# Aim of the exercise
Among the entries below, find the line with "Le plugin reste" and the line with "男性向けラノベタイトル風あだ名 | 『なりたたかとしの嫁は女の子じゃないと思った?』 |". Return exactly those lines and every line between them, but no pictures.

# Stored data
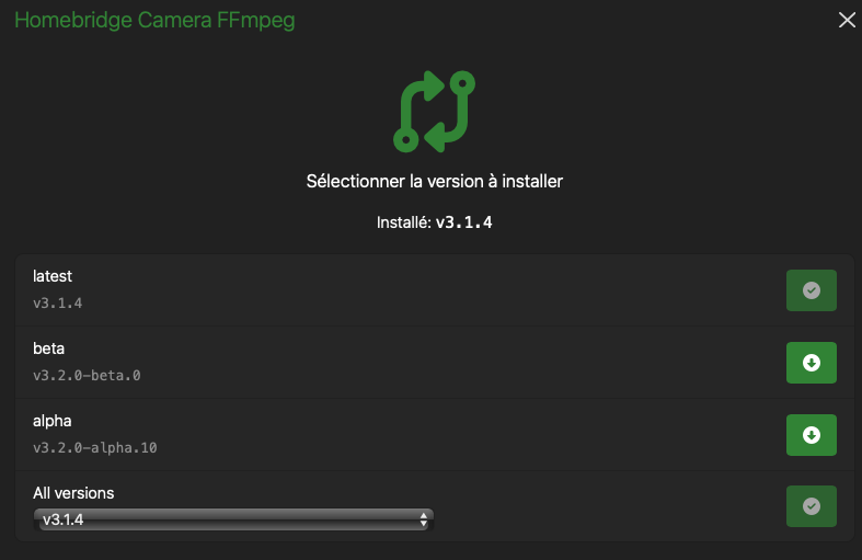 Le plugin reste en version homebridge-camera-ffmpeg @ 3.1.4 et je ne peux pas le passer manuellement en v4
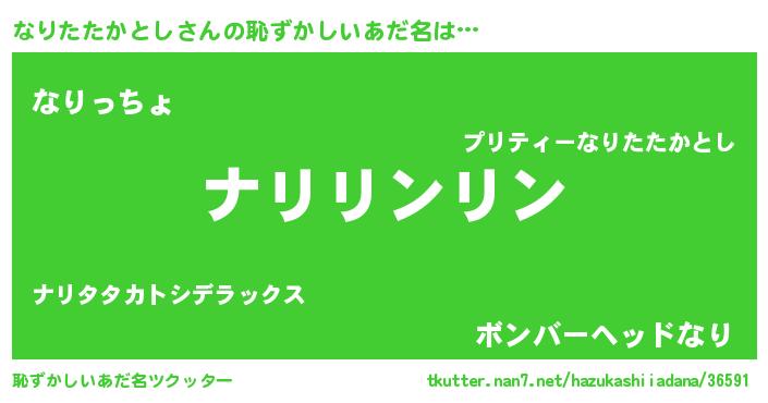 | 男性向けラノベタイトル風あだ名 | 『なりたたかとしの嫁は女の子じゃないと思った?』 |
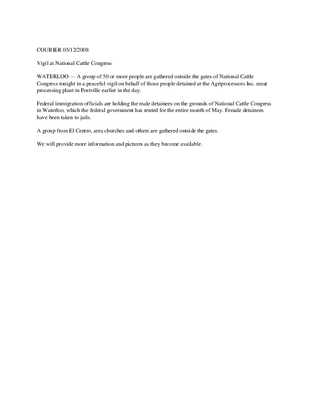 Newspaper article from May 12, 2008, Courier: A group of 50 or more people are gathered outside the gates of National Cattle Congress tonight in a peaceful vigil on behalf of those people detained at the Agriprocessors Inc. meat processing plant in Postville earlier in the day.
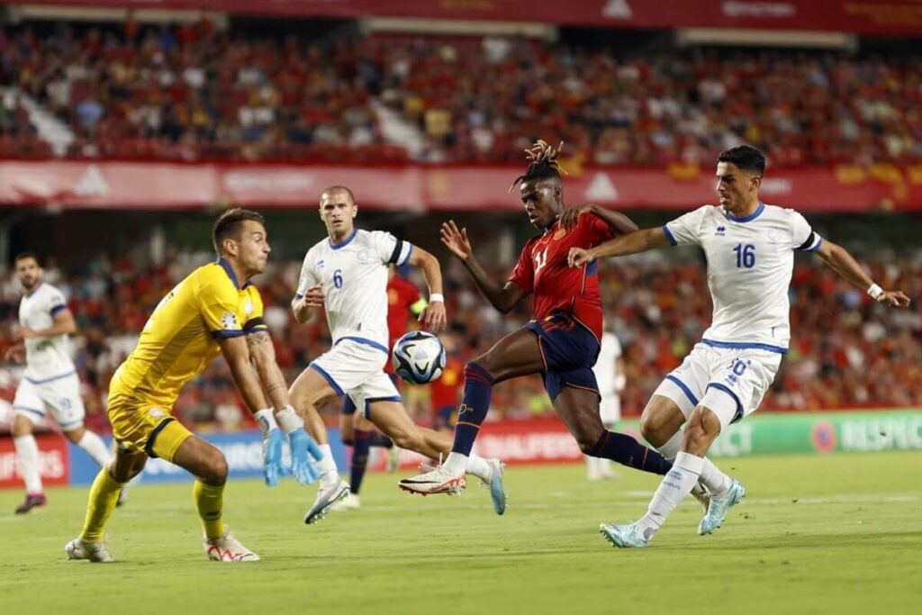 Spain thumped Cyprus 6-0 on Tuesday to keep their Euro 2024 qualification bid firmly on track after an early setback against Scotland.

...

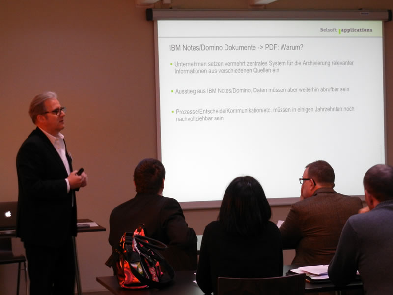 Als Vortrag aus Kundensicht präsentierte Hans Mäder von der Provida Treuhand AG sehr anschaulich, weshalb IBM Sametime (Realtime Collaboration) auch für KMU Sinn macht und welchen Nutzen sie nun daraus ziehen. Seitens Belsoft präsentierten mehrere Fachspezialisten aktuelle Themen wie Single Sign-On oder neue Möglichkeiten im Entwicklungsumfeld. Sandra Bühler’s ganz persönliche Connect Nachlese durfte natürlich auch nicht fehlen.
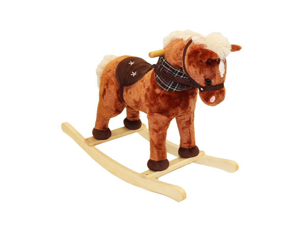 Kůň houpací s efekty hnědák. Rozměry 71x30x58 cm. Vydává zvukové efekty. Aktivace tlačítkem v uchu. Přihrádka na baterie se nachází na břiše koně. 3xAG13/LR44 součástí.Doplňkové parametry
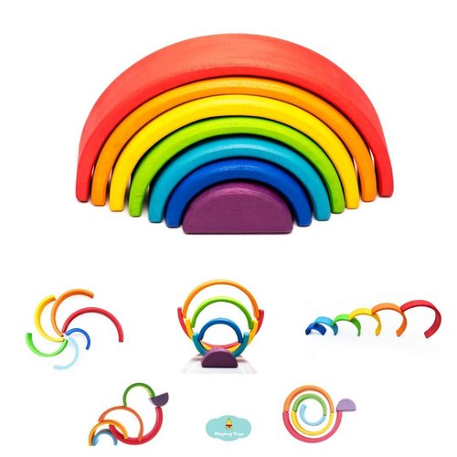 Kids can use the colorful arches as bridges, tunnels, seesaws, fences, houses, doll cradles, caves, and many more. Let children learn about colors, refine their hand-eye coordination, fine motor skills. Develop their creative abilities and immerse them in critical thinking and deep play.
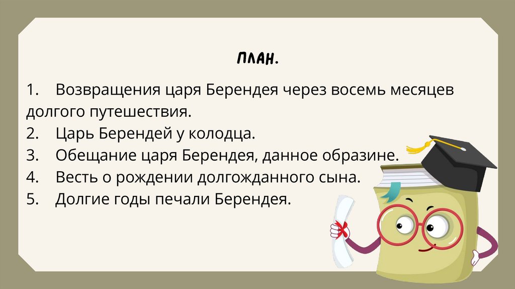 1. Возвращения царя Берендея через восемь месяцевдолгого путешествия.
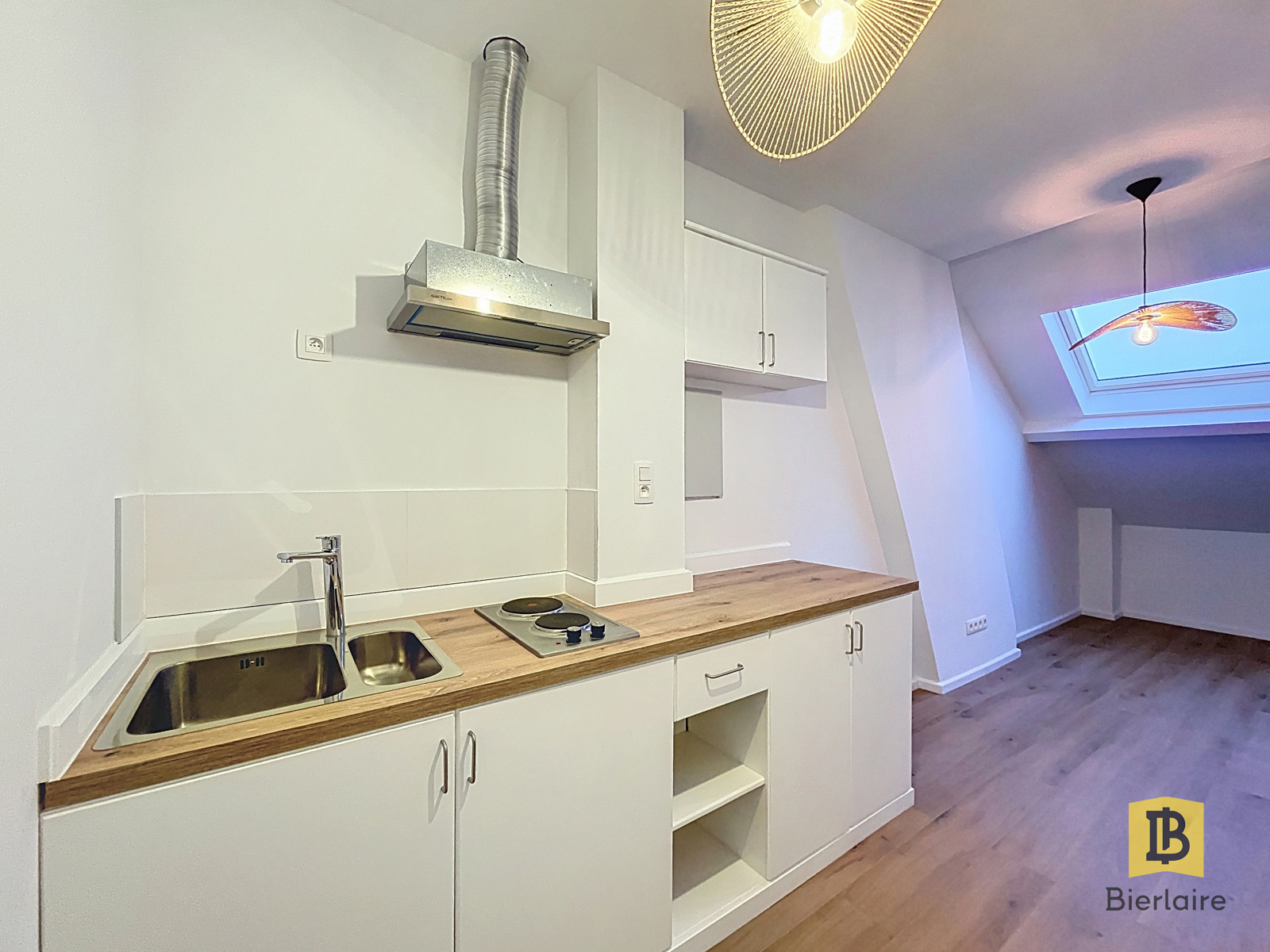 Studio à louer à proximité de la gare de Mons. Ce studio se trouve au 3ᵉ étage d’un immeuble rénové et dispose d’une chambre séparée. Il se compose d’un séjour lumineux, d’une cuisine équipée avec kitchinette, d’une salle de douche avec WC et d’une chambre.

# Result for this exercise
 Le plugin reste en version homebridge-camera-ffmpeg @ 3.1.4 et je ne peux pas le passer manuellement en v4
 | 男性向けラノベタイトル風あだ名 | 『なりたたかとしの嫁は女の子じゃないと思った?』 |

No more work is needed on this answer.